The light-emitting diode (LED) sector is growing fast, especially in niche markets such as the car industry, but LED bulbs will not be a mass consumer item for some time, developers and experts said on Tuesday.

Lighting accounts for around 20 percent of global electricity consumption. LED bulbs use 20 percent of the energy of a traditional incandescent bulb and can last up to 25,000 hours, making them attractive in the drive to cut emissions.

However, the technology is expensive, which could prevent a widespread market take-off for some years.

Certainly, this is a fast-growth area, but the domestic replacement market is still some way off, Tom Whitehouse, chief executive of fund-raising consultancy Carbon International, told Reuters.

The big question is how to get LEDs to market.
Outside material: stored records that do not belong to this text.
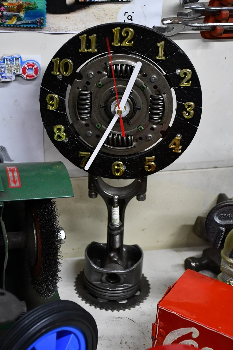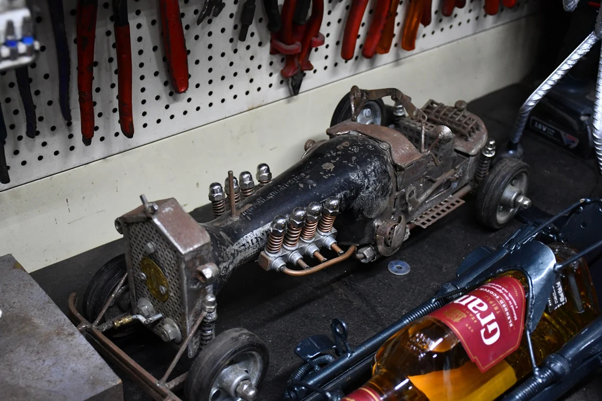 Dzieło, nad którym obecnie pracuję, powstaje natomiast z części starej maszyny do szycia. Postanowiłem zrobić z niej samochód. Praca nad tym projektem trwa już ponad miesiąc, ale jeszcze trochę pracy przede mną. W mojej pracowni nic się nie marnuje.
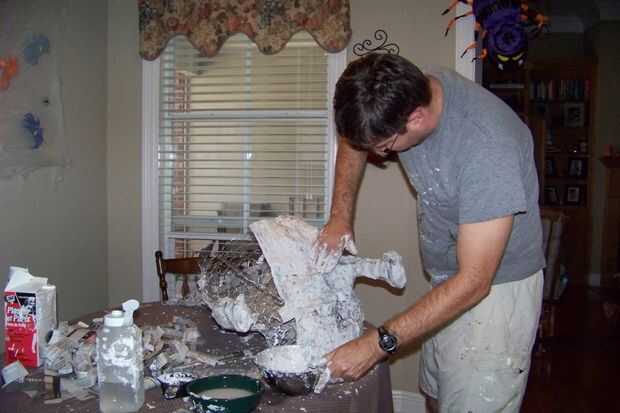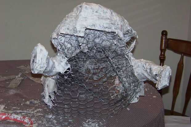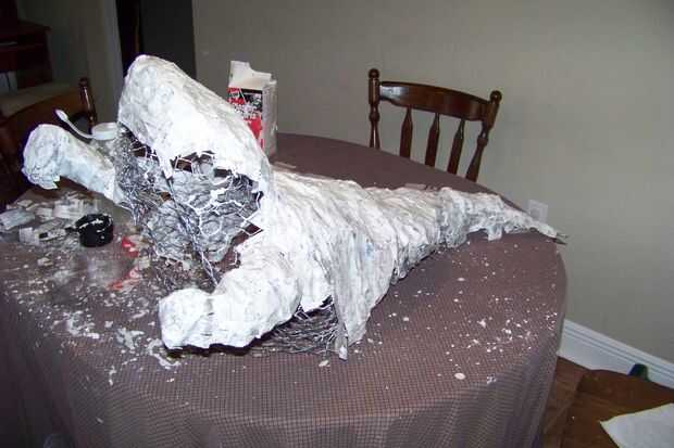 4) una vez completa la parte superior, y se seca, darle la vuelta y comienzan a las secciones inferiores de la capa. Usted encontrará los palitos yeso y periódicos mejor a las capas ya secas.
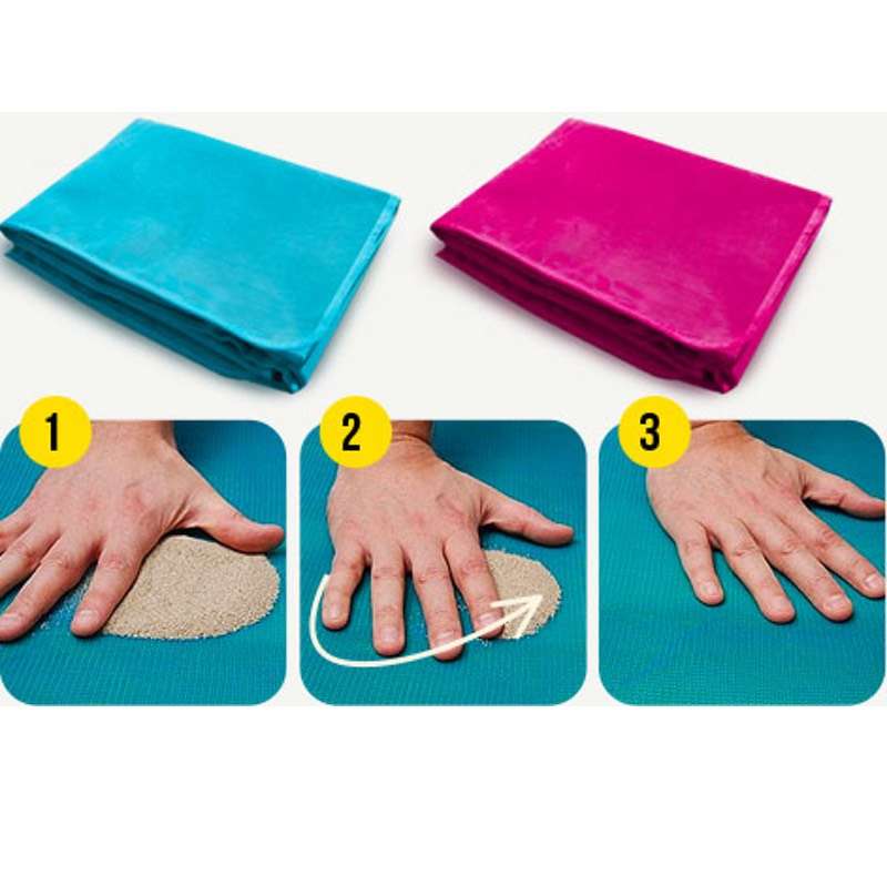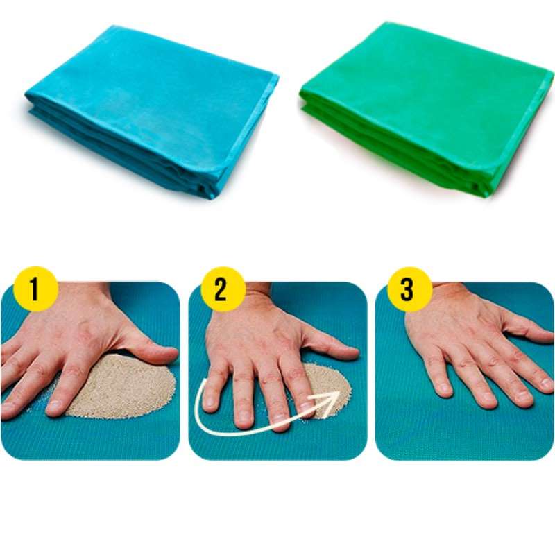 Jednym prostym ruchem twoja mata staje czysta od piasku! Unikalna wielowarstwowa mata jest w stanie wypchnąć cząsteczki piasku i ziemi przez włókna siatki w dół. Mata jest odporna na piasek, kurz i brud, a także może służyć jako schronienie przed promienie słoneczne, ponieważ nie przepuszcza 90% promieniowania ultrafioletowego.
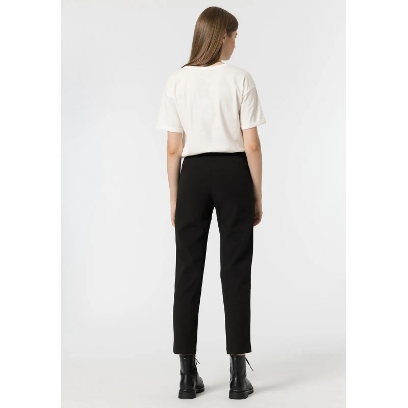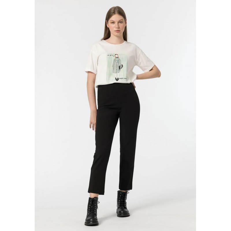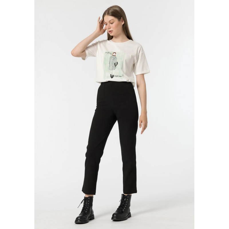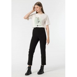 Pantalón skinny de tiro alto con bolsillos falsos laterales. Cierre frontal con cremallera, gancho y botón en el inteior.
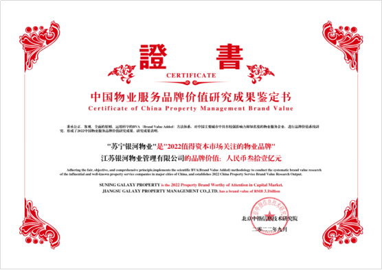 2022物业品牌价值发布,苏宁银河物业再获殊荣
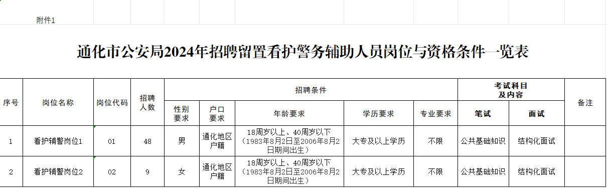 附件:1.通化市公安局2024年招聘留置看護(hù)警務(wù)輔助人員崗位與資格條件一覽表
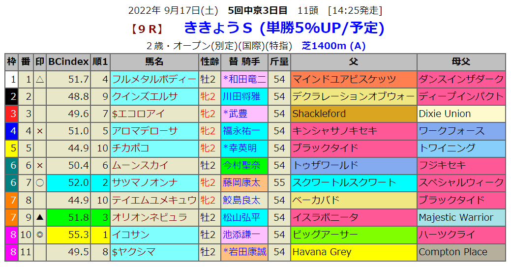 台風の影響が気になる三日間開催です。日曜日はローズS、月曜日はセントライト記念と3歳馬の最後の一冠へのトライアルレースがあります。土曜日は2歳オープン特別のききょうSに注目です。
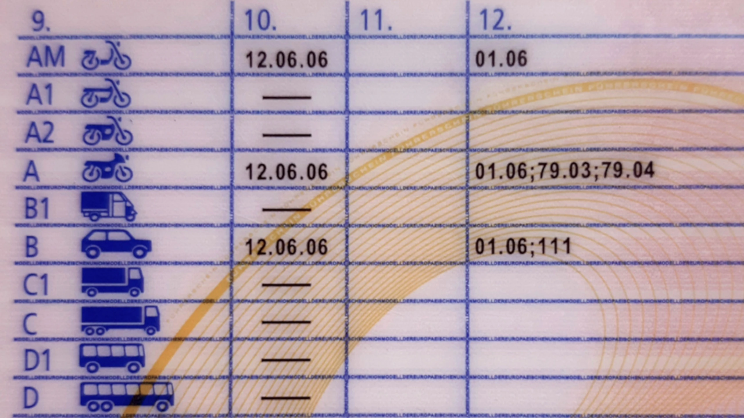 Auf der Rückseite des Scheckkartenführerscheins finden sich unter anderem die Fahrzeugklassen, die der Führerscheininhaber zu lenken berechtigt ist, inklusive Gültigkeitsdatum; sowie gegebenenfalls Zahlencodes für etwaige Zusatzangaben oder Einschränkungen.
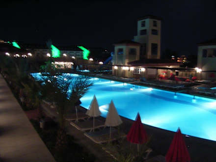 Hier ein Blick auf den Animationspool bei Nacht, vom Dach der Einkaufspassage aus
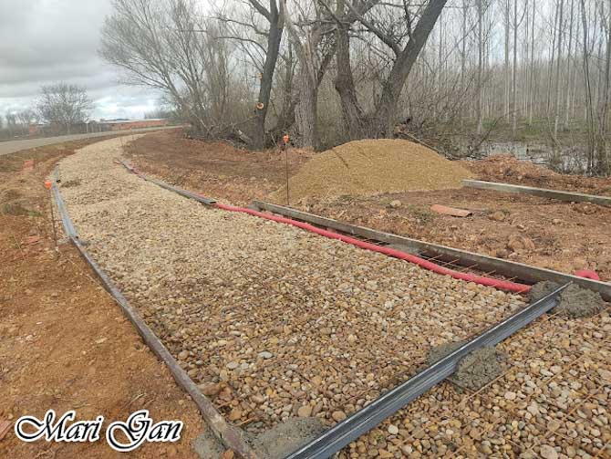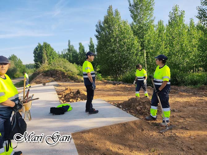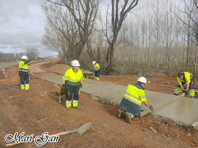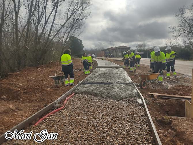 Entre sus trabajos realizados en Vecilla, destaca una acera de entrada al pueblo, de 765 metros de longitud, que han hecho desde cero, desde quitar la maleza que existía previamente, hasta completar todo el trazado y dejarla lista para su uso como paseo, que invita a ser recorrido disfrutando de las vistas.
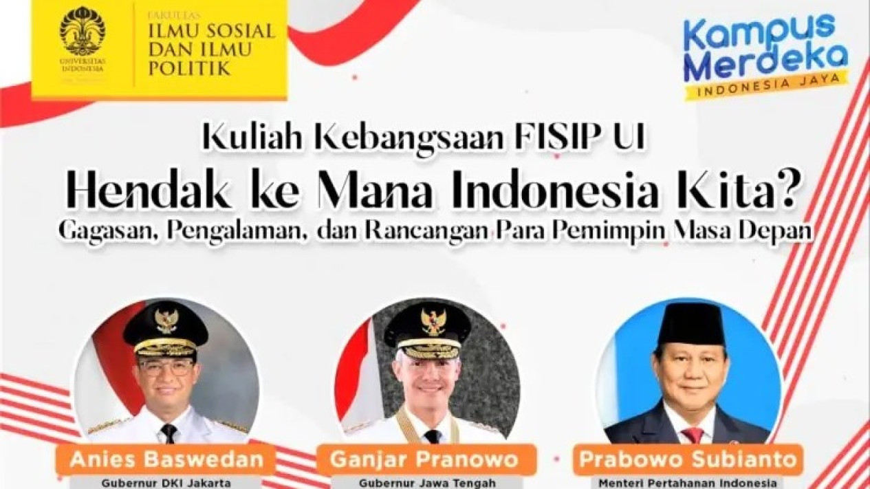 Ketiga bakal capres yang diundang FISIP UI itu yakni, Anies Baswedan, Ganjar Pranowo dan Prabowo Subianto.
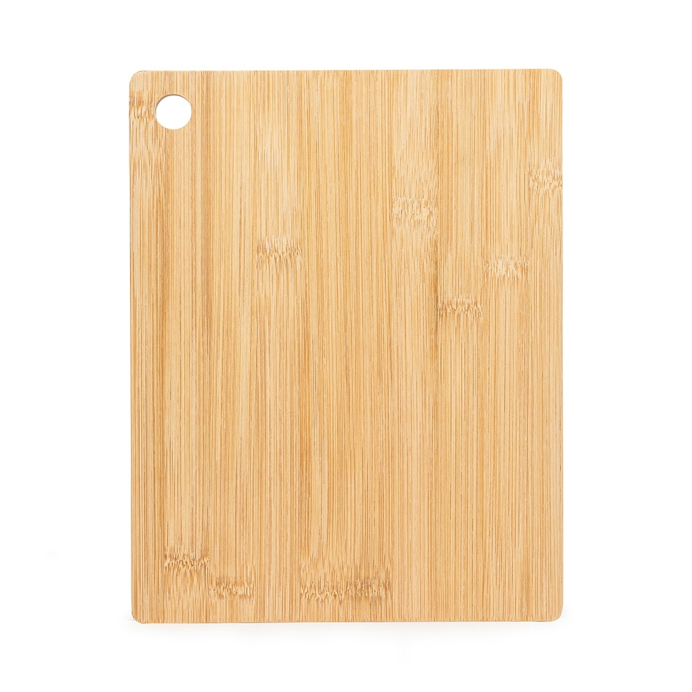 Descrição: Tábua de corte de bambu com canaleta e acesso para gancho.
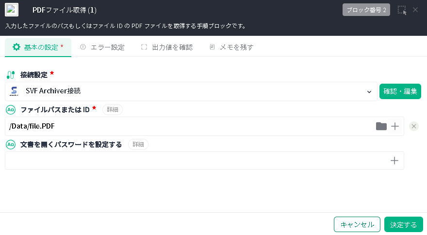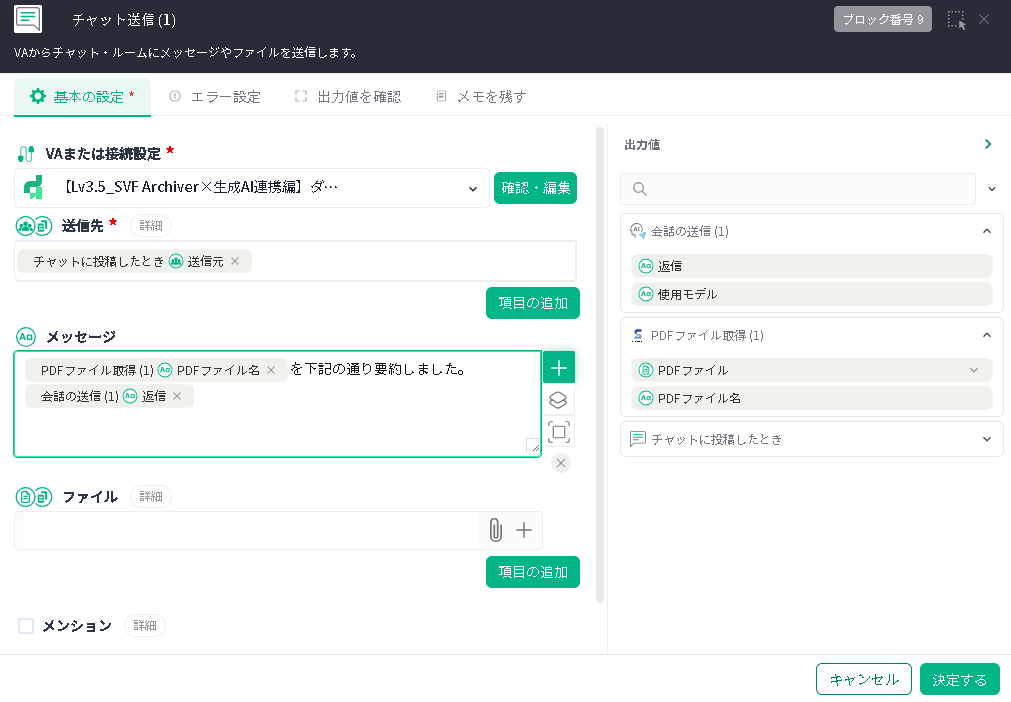| ファイルパスまたはID | フォルダアイコンをクリックして処理対象のファイルの格納パスを指定するか、ファイルIDを指定します。 | 今回の例では、特定のファイルを直接指定していますが、例えばチャット投稿された文字列情報を元に「ファイル検索」ブロックなどで検索し、該当ファイルを取得、という手順とすることも可能です。 |
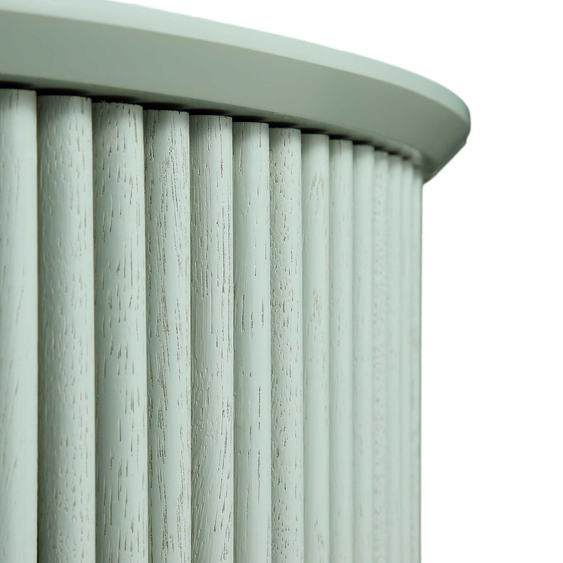 Fabriquée en bois massif et en placage de chêne et finie avec une peinture vert sauge , chaque table possède ses grains et nœuds naturels uniques.
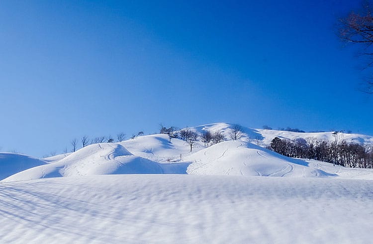 草原の上に降り積もる良質な積雪は、見事な景観をつくりだす。

For people to rip out existing lights and install LEDs, you need a disruptive technology, he said, referring to the point at which switching to the new bulbs becomes cheap enough for consumers.

Major manufacturers like Philips and Osram are launching consumer LED bulbs this year, or in 2011, but prices remain high.

You won't see bright, lower-cost LED bulbs in homes for another three to four years, said Richard Kirk, chief executive of UK-based organic LED (OLED) lighting system developer PolyPhotonix.

Established lighting manufacturers could also make it difficult for others to break into the fledgling market, Whitehouse said.

Smaller players could be more successful in supplying LEDs to the architectural and design industries or traffic lights or brake lights to the automotive industry.

The big goal is the $100 billion lighting market, but to get there you have to go through the niche markets, such as architechtural lighting, design opportunities, automotives, Kirk said.

LET THERE BE LIGHT

Mass producing LED products is also problematic.

Getting your hands on the product is a big problem right now. The technology is not there yet, it is not mainstream, said Gareth Jones, consultant for the UK government at the Photonics and Plastics Electronic Knowledge Transfer Network.

PolyPhotonix is launching a general lighting 8 inch OLED tile in early 2011 with a 60-lumen per watt efficiency. OLEDs are a thin film of material that emit bright white light.

We have a holy grail of printing reel-to-reel, like newspapers, but that will take many years. The challenge for the OLED industry is to find a production method which provides a high yield, Kirk said.

A Cleantech Investor report released on Tuesday estimates 25 percent of the lighting market could be LED-based in five years' time, reaching 50 percent by 2020. Some LED developers are even more optimistic.

By 2015, 50 percent of the light source market will be LED-based, said James McKenzie, chief executive of UK-based commercial LED lighting manufacturer PhotonStar.

Philips expects LEDs to take over from conventional light sources by 2015, as the total lighting market grows to 80 billion euros ($99.33 billion) from around 50 billion in 2009.

LED developers said government regulation and support will drive market growth. In September last year, Europe started to eradicate traditional energy-guzzling light bulbs to boost energy efficiency by a fifth by 2020.